Mengantisipasi hal tersebut, Kementerian ESDM menargetkan kapasitas PLTS atap mencapai 3.600 MW pada 2025 dengan merevisi Peraturan Menteri ESDM Nomor 49 Tahun 2018 tentang Penggunaan PLTS Atap. Peraturan itu mendorong pemasangan PLTS atap oleh masyarakat.
Sejumlah stimulus bagi rakyat yang ingin memasang PLTS atap antara lain ketentuan ekspor listrik ke PT PLN (Persero) ditingkatkan dari 65 persen menjadi 100 persen, jangka waktu kelebihan listrik masyarakat di PLN diperpanjang dari tiga bulan menjadi enam bulan, dan waktu permohonan PLTS atap dipersingkat menjadi 5-12 hari.
Menurut dia, dalam merevisi Permen PLTS atap, Kementerian ESDM telah mempertimbangkan semua aspek yang menjadi perhatian masyarakat dan juga PLN sebagai BUMN yang ditugaskan menyediakan listrik masyarakat secara seimbang.

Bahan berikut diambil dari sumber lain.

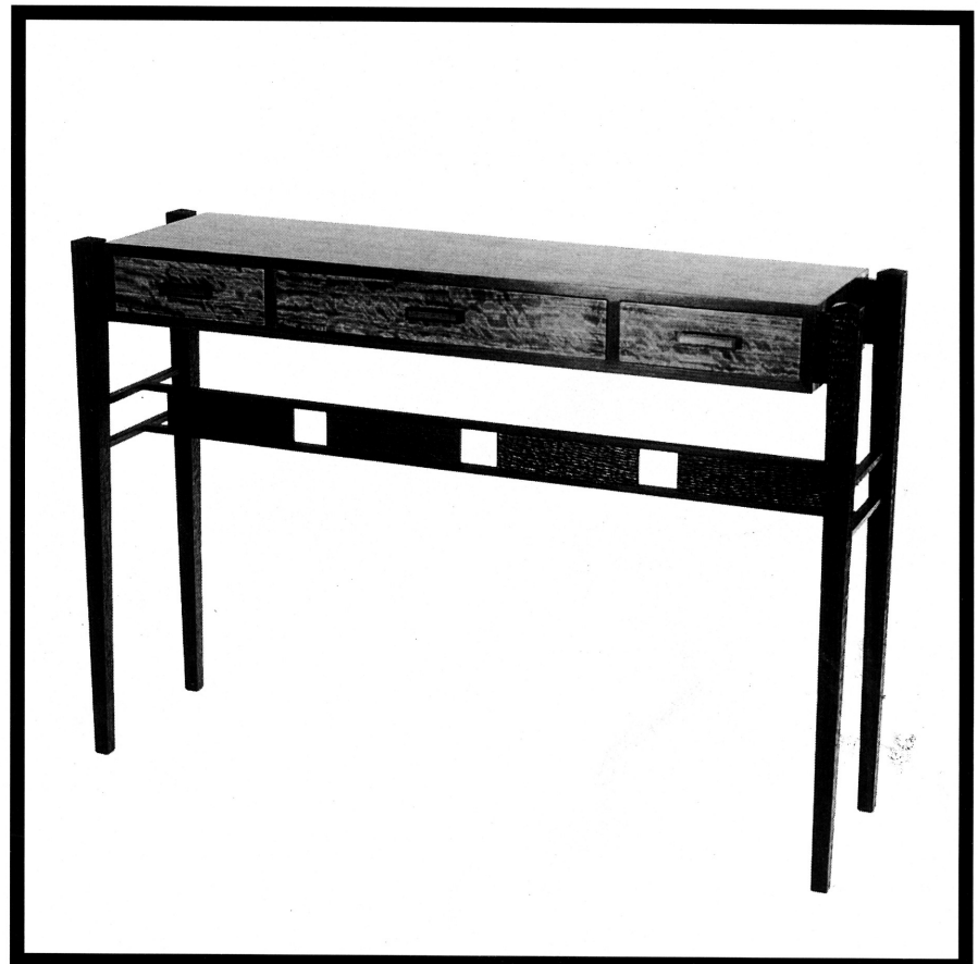
Hall Table -Best of show wenge, paldao, maple, holly

Dadan juga meluruskan sejumlah isu terkait implementasi PLTS atap tersebut. Pertama, bisnis PLN tidak dirugikan akibat ekspor listrik dari masyarakat. PLTS atap hanya berpotensi mengurangi sedikit penerimaan PLN karena masyarakat bisa melistriki sendiri.

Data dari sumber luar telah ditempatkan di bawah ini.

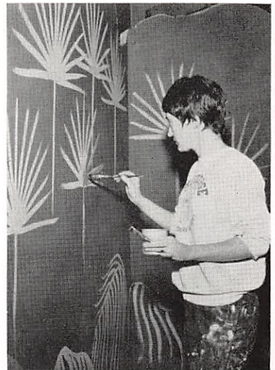
... Bali ha'i ...
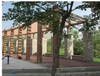
EXAMPLE - SEATING AREA AMENITY
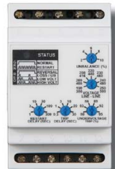
PMD Series DIN-Rail Mounted Meets IEC/DIN enclosure design standards

Target 3.600 MW itu pun dilakukan secara bertahap. Sehingga tidak signifikan mengurangi penerimaan PLN, terlebih sampai menyebabkan cashflow PLN merugi.
Di sisi lain, pemerintah terus mendorong creating demand untuk PLN seperti kawasan industri baru, smelter, kompor listrik, dan kendaraan listrik. Pengembangan PLTS atap juga akan mengurangi biaya bahan bakar per unit kWh sebesar Rp7,42 kWh dengan total nilai gas yang dihemat Rp4,12 triliun per tahun.
"Kebijakan PLTS atap ini juga berpihak kepada masyarakat luas, karena mengoptimalkan penghematan tagihan listrik bulanan dengan kapasitas terpasang sesuai daya langganan," katanya.
Isu kedua, lanjut Dadan, PLTS atap tidak akan menyebabkan pelanggan berburu keuntungan bisnis. "Motif tersebut akan sulit terjadi karena kapasitas PLTS atap dibatasi paling tinggi 100 persen dari kapasitas listrik pelanggan, sehingga tidak ada unsur berburu keuntungan. Pemasangannya juga hanya bisa di atap, dinding, atau bagian lain dari bangunan dan tidak dibolehkan di lahan terbuka (ground mounted)," katanya.
Ketiga, selain tidak berdampak ke cashflow PLN, PLTS atap juga tidak menambah beban subsidi listrik dan biaya pokok penyediaan (BPP) listrik PLN. Hasil perhitungan Kementerian ESDM dengan ekspor PLTS atap sebesar 100 persen untuk menggantikan gas menunjukkan BPP naik Rp1,14/kWh (0,08 persen), subsidi naik Rp0,079 triliun (0,15 persen), dan kompensasi naik Rp0,24 triliun (1,04 persen) dibandingkan ekspor 65 persen.
Meskipun dalam perhitungan tersebut total subsidi pemerintah Rp 54,15 triliun, namun dibayar pemerintah hanya Rp 53,92 triliun. Hal ini akibat adanya pengurangan energi listrik yang dikonsumsi pelanggan PLTS atap, dengan nilai penghematan Rp 0,23 triliun.
Keempat, PLTS atap tidak berdampak pada kestabilan sistem kelistrikan karena Kementerian ESDM akan memperhatikan kurva beban (duck curve) dan pola operasi yang dilakukan PLN. Kelima, menurut Dadan, PLTS atap tidak semakin menyebabkan oversupply listrik dan mengakibatkan konsekuensi take or pay bagi PLN akibat potensi pasar listriknya berkurang.
"Apabila dibandingkan dengan perkiraan penjualan listrik PLN yang pada 2021 sekitar 261 TWh, maka potensi berkurangnya penjualan PLN adalah 0,1 persen saja. Di sisi lain, PLN dapat melakukan upaya demand creation mengingat masih besarnya market listrik ke depan," katanya.